WHAT TO WORK ON: When writing out the entries below, keep only the lines from the line with "- 【Dining Table" to the line with "Merujuk pada dalil", both included, exactly as they are, and leave the pictures aside.

DATA TO PROCESS:
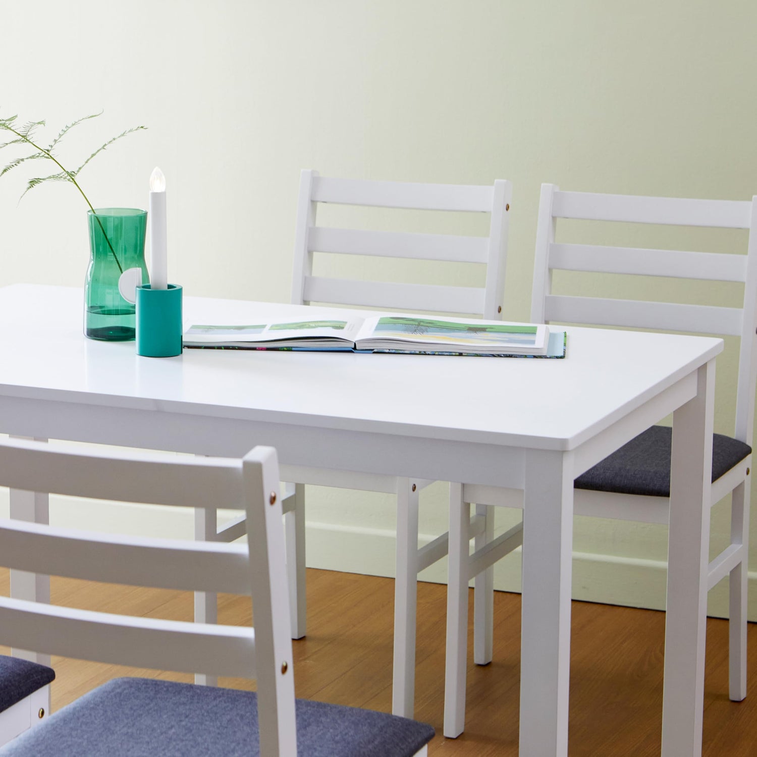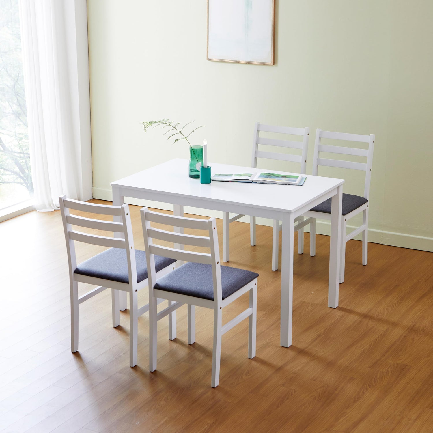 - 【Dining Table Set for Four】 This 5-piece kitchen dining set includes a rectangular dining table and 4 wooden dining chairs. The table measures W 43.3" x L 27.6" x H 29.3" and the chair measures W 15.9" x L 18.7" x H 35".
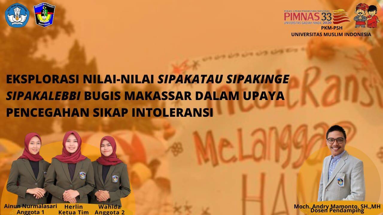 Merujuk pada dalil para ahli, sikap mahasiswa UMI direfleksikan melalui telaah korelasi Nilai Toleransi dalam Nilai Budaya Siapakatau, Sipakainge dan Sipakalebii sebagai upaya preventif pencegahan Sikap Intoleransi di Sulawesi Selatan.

==

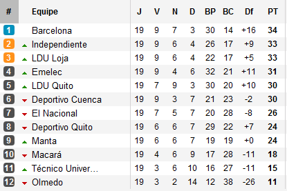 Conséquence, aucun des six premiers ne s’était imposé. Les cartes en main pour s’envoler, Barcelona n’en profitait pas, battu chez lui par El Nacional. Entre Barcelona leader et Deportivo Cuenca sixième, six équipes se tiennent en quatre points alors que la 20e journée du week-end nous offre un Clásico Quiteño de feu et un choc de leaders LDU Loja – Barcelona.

--

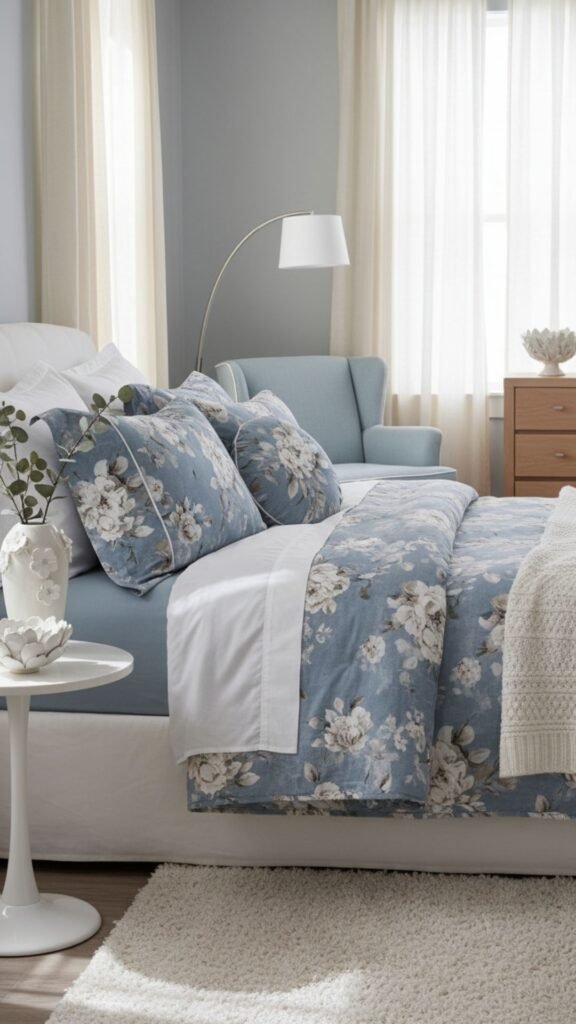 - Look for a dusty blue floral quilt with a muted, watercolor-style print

ANSWER SECTION:
 - 【Dining Table Set for Four】 This 5-piece kitchen dining set includes a rectangular dining table and 4 wooden dining chairs. The table measures W 43.3" x L 27.6" x H 29.3" and the chair measures W 15.9" x L 18.7" x H 35".
 Merujuk pada dalil para ahli, sikap mahasiswa UMI direfleksikan melalui telaah korelasi Nilai Toleransi dalam Nilai Budaya Siapakatau, Sipakainge dan Sipakalebii sebagai upaya preventif pencegahan Sikap Intoleransi di Sulawesi Selatan.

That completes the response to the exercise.